BEGIN The data

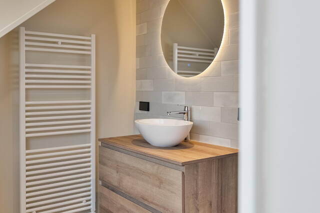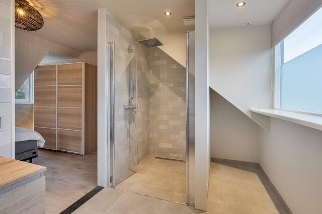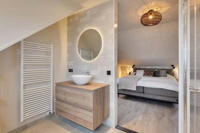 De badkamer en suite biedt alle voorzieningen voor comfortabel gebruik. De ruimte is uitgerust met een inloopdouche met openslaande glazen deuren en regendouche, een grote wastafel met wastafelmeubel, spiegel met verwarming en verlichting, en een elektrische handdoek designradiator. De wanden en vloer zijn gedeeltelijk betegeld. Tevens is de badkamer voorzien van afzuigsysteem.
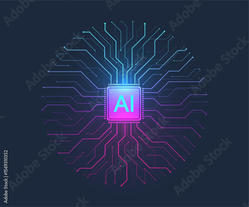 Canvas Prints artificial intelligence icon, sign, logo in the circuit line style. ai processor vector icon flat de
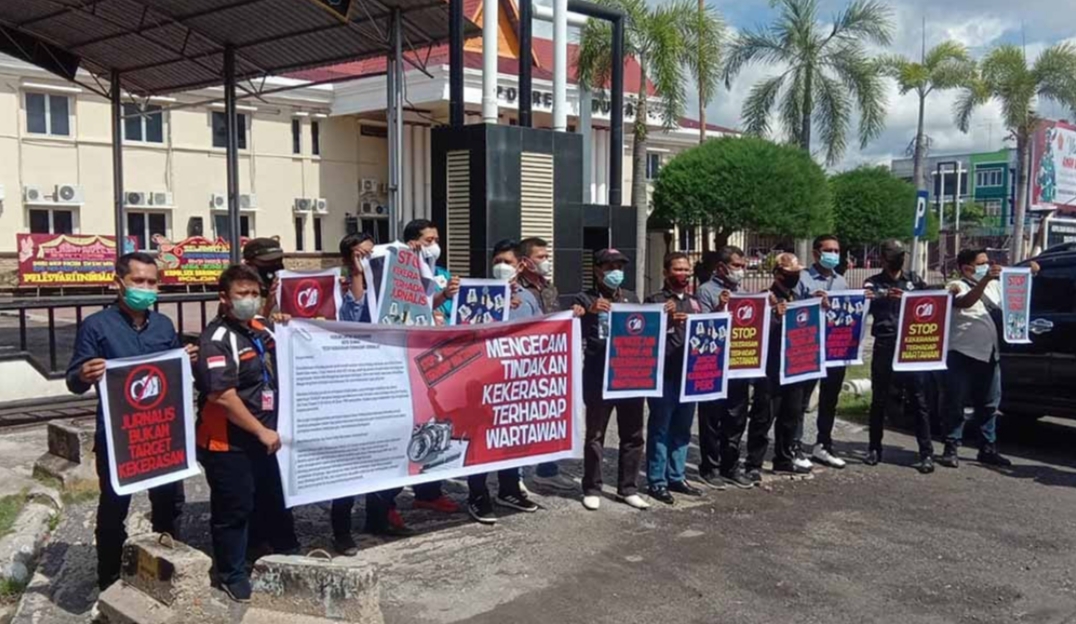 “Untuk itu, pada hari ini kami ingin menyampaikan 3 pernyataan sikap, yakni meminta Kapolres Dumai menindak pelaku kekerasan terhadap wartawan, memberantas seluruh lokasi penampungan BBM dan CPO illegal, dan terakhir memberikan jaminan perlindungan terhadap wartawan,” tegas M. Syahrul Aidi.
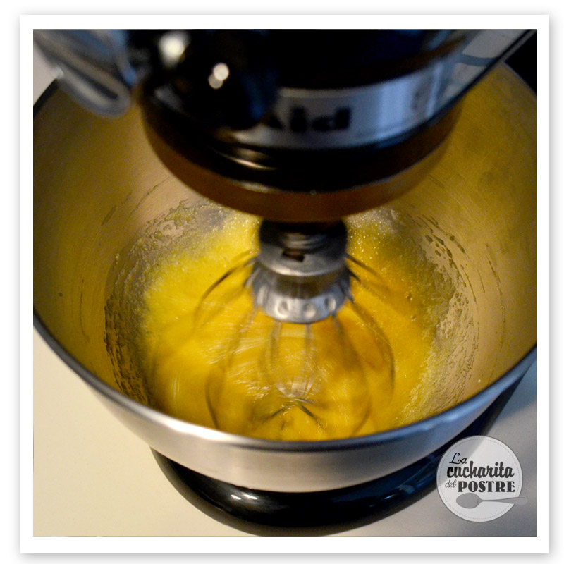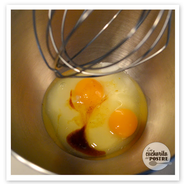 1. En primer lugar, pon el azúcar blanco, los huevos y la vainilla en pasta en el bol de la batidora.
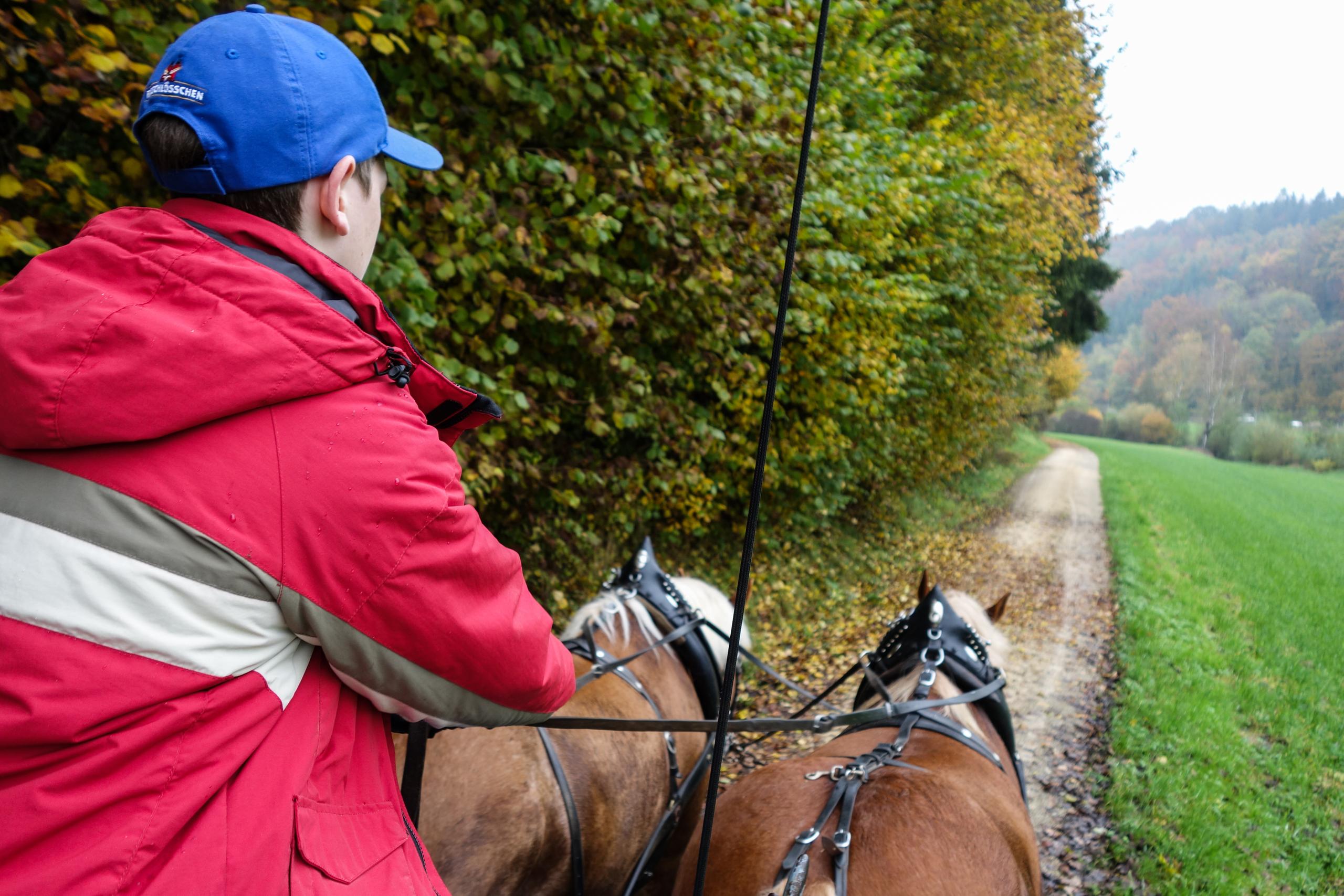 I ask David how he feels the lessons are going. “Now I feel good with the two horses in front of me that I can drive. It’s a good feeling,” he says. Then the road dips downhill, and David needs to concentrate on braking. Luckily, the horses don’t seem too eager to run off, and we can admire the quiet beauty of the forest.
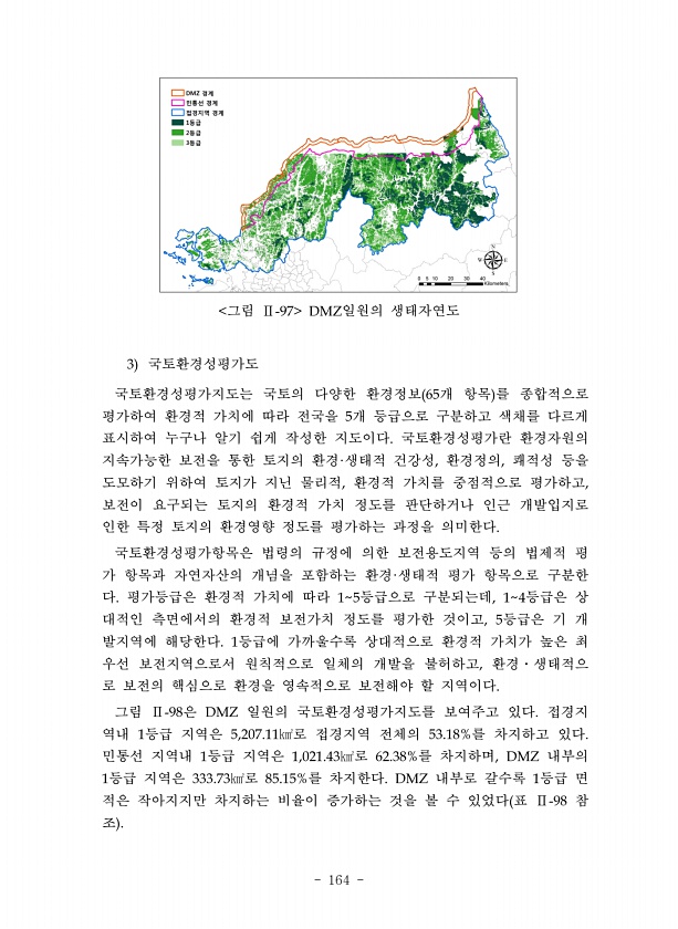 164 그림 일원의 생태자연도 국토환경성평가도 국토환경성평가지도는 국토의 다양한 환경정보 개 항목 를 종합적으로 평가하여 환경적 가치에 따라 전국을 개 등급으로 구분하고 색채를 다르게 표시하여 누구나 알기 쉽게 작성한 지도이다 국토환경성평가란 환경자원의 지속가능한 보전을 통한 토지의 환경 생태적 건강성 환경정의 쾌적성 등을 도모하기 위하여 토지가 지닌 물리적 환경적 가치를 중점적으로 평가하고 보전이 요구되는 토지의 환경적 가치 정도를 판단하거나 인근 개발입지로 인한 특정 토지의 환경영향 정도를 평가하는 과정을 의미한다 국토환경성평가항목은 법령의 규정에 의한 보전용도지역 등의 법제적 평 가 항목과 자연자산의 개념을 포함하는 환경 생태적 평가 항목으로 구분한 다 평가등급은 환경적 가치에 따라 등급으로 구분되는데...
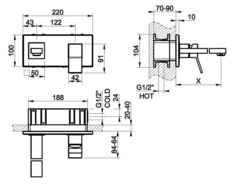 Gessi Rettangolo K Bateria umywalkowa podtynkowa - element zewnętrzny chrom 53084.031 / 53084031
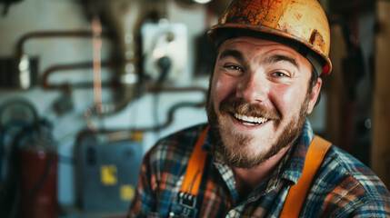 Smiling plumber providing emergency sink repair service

END The data

Write each line exactly as it appears, from the line that holds "164 그림 일원의 생태자연도" through the closing line of the data above, and leave every picture out.

- Written solution
 164 그림 일원의 생태자연도 국토환경성평가도 국토환경성평가지도는 국토의 다양한 환경정보 개 항목 를 종합적으로 평가하여 환경적 가치에 따라 전국을 개 등급으로 구분하고 색채를 다르게 표시하여 누구나 알기 쉽게 작성한 지도이다 국토환경성평가란 환경자원의 지속가능한 보전을 통한 토지의 환경 생태적 건강성 환경정의 쾌적성 등을 도모하기 위하여 토지가 지닌 물리적 환경적 가치를 중점적으로 평가하고 보전이 요구되는 토지의 환경적 가치 정도를 판단하거나 인근 개발입지로 인한 특정 토지의 환경영향 정도를 평가하는 과정을 의미한다 국토환경성평가항목은 법령의 규정에 의한 보전용도지역 등의 법제적 평 가 항목과 자연자산의 개념을 포함하는 환경 생태적 평가 항목으로 구분한 다 평가등급은 환경적 가치에 따라 등급으로 구분되는데...
 Gessi Rettangolo K Bateria umywalkowa podtynkowa - element zewnętrzny chrom 53084.031 / 53084031
 Smiling plumber providing emergency sink repair service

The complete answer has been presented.